ENTRIES PROVIDED:
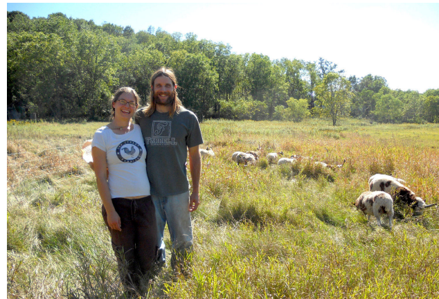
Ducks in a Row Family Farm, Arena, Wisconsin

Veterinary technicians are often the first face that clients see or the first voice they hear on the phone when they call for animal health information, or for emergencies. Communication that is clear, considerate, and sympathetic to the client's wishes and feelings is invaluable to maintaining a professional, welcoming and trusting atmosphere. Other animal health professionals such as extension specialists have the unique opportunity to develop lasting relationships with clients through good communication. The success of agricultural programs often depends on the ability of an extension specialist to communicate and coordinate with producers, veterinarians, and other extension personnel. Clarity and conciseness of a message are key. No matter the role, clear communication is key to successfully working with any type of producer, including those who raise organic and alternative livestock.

...

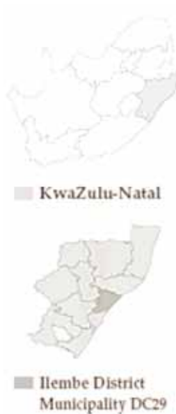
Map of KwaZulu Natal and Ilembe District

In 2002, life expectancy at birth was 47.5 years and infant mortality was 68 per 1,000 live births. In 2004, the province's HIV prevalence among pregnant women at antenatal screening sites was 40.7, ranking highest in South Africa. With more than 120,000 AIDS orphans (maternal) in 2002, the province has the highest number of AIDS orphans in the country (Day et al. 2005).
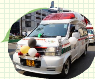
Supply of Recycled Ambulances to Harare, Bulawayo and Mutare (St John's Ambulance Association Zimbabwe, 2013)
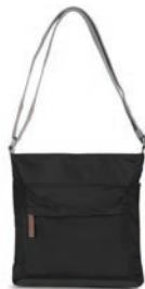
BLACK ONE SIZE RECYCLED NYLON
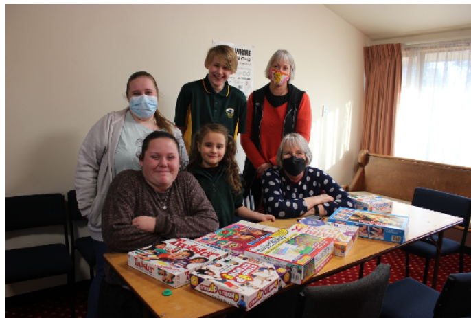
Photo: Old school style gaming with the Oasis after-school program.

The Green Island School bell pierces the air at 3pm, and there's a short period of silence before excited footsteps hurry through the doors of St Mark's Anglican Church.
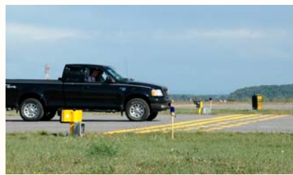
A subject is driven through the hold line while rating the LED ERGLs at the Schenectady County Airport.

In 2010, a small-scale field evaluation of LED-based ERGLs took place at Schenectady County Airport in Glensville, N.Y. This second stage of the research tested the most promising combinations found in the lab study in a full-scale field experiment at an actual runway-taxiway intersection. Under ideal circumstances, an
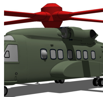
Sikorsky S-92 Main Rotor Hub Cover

WHAT IS NEEDED: Go line by line through the data and copy any that contain "Airport".

SOLVED PROBLEM:
A subject is driven through the hold line while rating the LED ERGLs at the Schenectady County Airport.
In 2010, a small-scale field evaluation of LED-based ERGLs took place at Schenectady County Airport in Glensville, N.Y. This second stage of the research tested the most promising combinations found in the lab study in a full-scale field experiment at an actual runway-taxiway intersection. Under ideal circumstances, an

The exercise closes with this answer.